The dresser we found had been refinished in a “shabby chic” style, which didn’t fit the nursery’s look. But it had the original Bakelite handles and those iconic lines.

My husband hatched a plan: He would repaint the dresser in a sleek gray and white to match the curtains.

I watched him sweat in the garage for days as he stripped and repainted this dresser, transforming the vintage piece into a new family heirloom.

Art Deco, while popularized during the “between the wars” years of the Roaring ‘20s, still blends in with homes today. For example, Mid-Century Modern furniture — also known as Danish Modern — intermingles well with Art Deco styles. And for Stella Lucy's nursery, I added a modern day find, the inexpensive "Poang" rocker from Ikea; its bentwood frame echoes the curved lines of the Waterfall dresser.

The era of Art Deco was one of decadence, a golden age during which carefree flappers danced the Charleston and modernity was celebrated. To create the furniture of Art Deco, designers drew from the past, inspired in part by the global excavations taking place at the time. In particular, the 1922 discovery of the tomb of Tutankhamun in Egypt was an influence. While Tut was not buried under a step pyramid, or any pyramid for that matter, the increased visibility of Egyptian antiquities, due to his tomb's discovery, caused such structures to became hallmarks of Art Deco design.

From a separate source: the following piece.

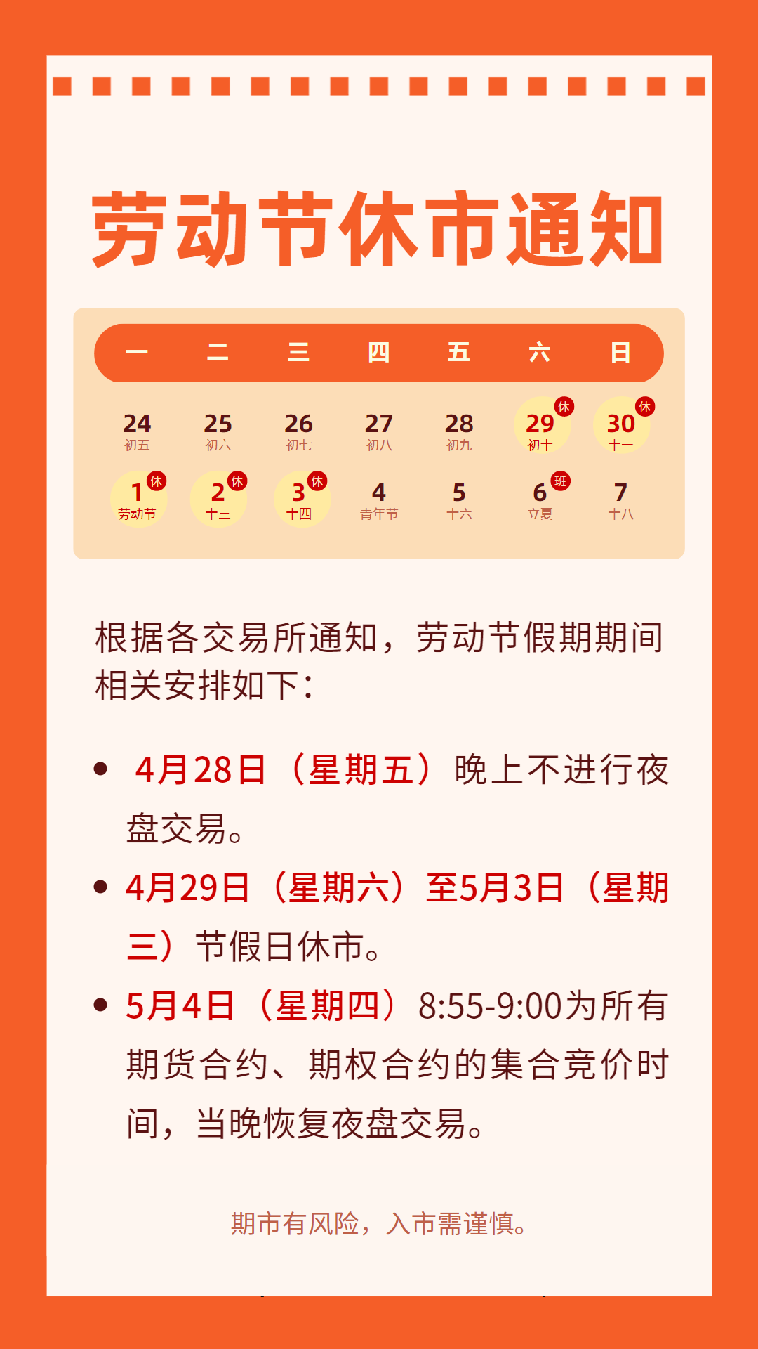 国内期货市场休市安排劳动节假期将至,根据各大期货交易所公告,2023年假期期货市场交易时间调整如下: 4月28日(星期五)晚上不进行夜盘交易,4月29日(星期六)至5月3日(星期三)休市,5月4日(星期四)所有合约集合竞价时间为上午08:55—09:00,当晚恢复夜盘交易。 ![]() 假期风险提示国内期货市场与国际期货市场密切联动,国内“五一”劳动节假期期间,外盘仍在交易。从当前国际宏观经济形势来看,国内外经济增长势头分化,欧美发达经济体经济增长明显减速,叠加欧美商业银行危机和美国债务上限问题,海外金融市场存在较大的剧烈波动风险,此外,国内疫情担忧也有所升温,市场可能存在较大波动。为了控制期货交易风险,投资者在节假日,应提前做好仓位和资金安排,建议轻仓或空仓过节。 附:历年五一节后首日国内期货涨跌情况 交易所调保安排假期前后,部分期货品种交易涨跌幅及保证金标准有所调整,具体如下。(更多内容详见各期货交易所网站相关通知) ![]() ![]() 附:劳动节假期各大期货交易所保证金标准调整情况 重要财经数据事件提示![]() (文章来源:东方财富研究中心) (责任编辑:admin) |

In the photo, above left, is a child's Art Deco wardrobe found at GasLamp Antiques and Decorating Mall. It has been repainted in vivid orange and aqua colors ($300; Booth B-2010). Strong vertical bands, as seen on the handles of this dresser and on the lower brace, are Art Deco hallmarks that reference the architectural discoveries of the era. These include the ziggurats that were found in the ancient Sumerian city of Ur, along with the step pyramids of Egypt. Such vertical bands were used to create a strong sense of line or division.

Along with ziggurats, other designs typical of Art Deco are chevron patterns, such as those seen in the door of this wonderful humidor/smoking stand, right, which is lined in copper ($395; Booth B-225). Another Art Deco traits is seen in this stand: The use of Bakelite in the knob, as man-made materials were used to celebrate the “Machine Age.” Glass and stainless steel were other common materials of the period.

Something one finds in Art Deco are extremely graphic patterns that are repeated within a piece, such as those seen in this oak bookcase with glass doors, which is American from the 1930s ($495; Booth B-2007). As with Waterfall furniture, this bookcase possesses the sweeping curves that were typical of the period. Another Art Deco element seen in this piece are the streamlined feet. Such aerodynamic streamlining is typical of later Art Deco details and resembles the streamlined trains being designed at the time.

Art Deco furniture is unusual among the antique genres in that, while it has a retro charm, it still looks as fresh today as it did when it was designed. Perhaps that is because its designers were looking to what they imagined was the future. Perhaps it is simply because the design is clean and flowing, like a Frank Lloyd Wright home. Whatever the reason, Art Deco style endures to this day.